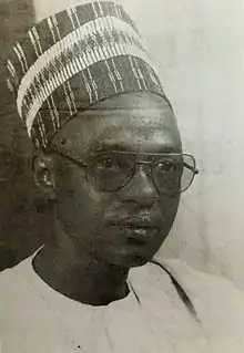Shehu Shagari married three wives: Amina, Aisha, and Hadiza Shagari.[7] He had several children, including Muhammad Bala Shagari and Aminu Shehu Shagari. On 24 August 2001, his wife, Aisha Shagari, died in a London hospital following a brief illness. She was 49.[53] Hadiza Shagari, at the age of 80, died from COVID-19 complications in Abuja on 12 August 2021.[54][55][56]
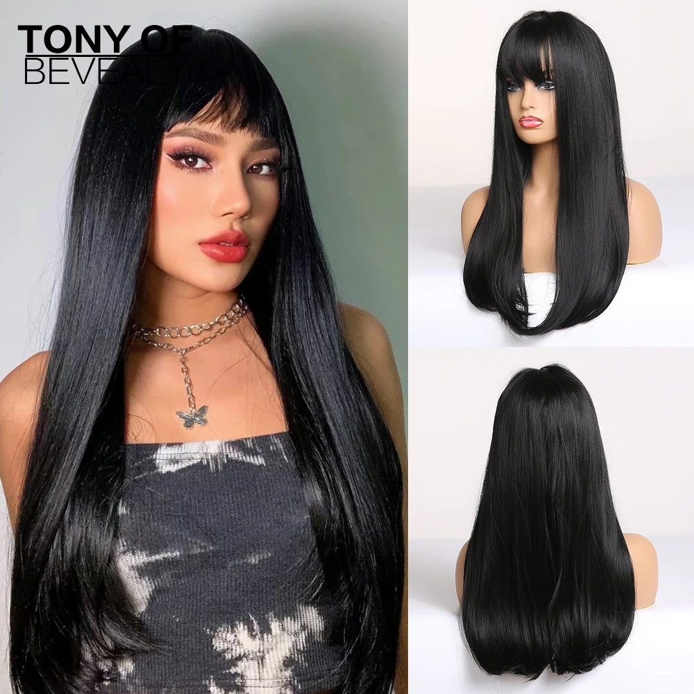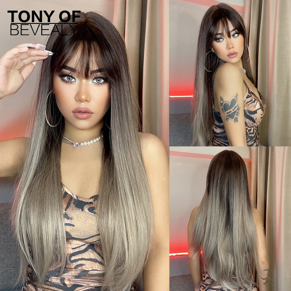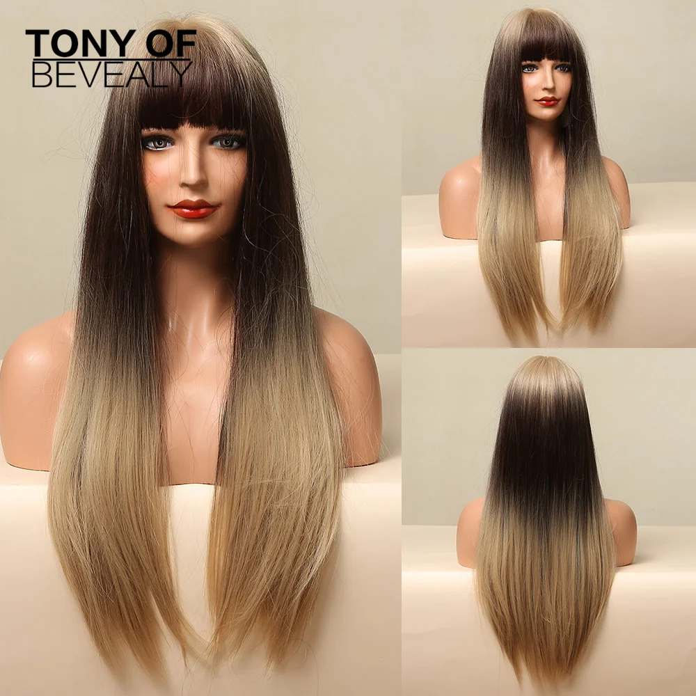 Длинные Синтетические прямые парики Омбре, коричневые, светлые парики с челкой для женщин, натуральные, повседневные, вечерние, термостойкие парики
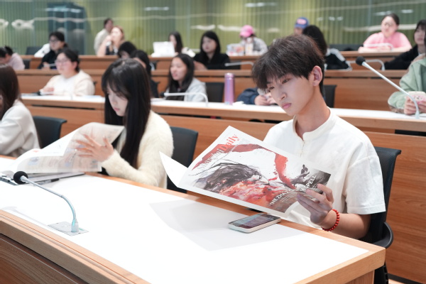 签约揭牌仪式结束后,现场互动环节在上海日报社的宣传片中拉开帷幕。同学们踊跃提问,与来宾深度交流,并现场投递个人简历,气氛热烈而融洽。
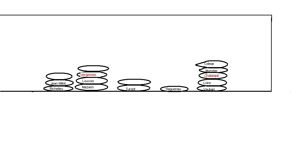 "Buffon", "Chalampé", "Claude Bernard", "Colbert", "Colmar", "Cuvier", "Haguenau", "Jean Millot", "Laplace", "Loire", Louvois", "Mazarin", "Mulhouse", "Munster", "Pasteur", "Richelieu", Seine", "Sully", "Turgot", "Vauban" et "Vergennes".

━━━━

Leave the pictures out. Otherwise, output the listing above exactly.

Shehu Shagari married three wives: Amina, Aisha, and Hadiza Shagari.[7] He had several children, including Muhammad Bala Shagari and Aminu Shehu Shagari. On 24 August 2001, his wife, Aisha Shagari, died in a London hospital following a brief illness. She was 49.[53] Hadiza Shagari, at the age of 80, died from COVID-19 complications in Abuja on 12 August 2021.[54][55][56]
 Длинные Синтетические прямые парики Омбре, коричневые, светлые парики с челкой для женщин, натуральные, повседневные, вечерние, термостойкие парики
 签约揭牌仪式结束后,现场互动环节在上海日报社的宣传片中拉开帷幕。同学们踊跃提问,与来宾深度交流,并现场投递个人简历,气氛热烈而融洽。
 "Buffon", "Chalampé", "Claude Bernard", "Colbert", "Colmar", "Cuvier", "Haguenau", "Jean Millot", "Laplace", "Loire", Louvois", "Mazarin", "Mulhouse", "Munster", "Pasteur", "Richelieu", Seine", "Sully", "Turgot", "Vauban" et "Vergennes".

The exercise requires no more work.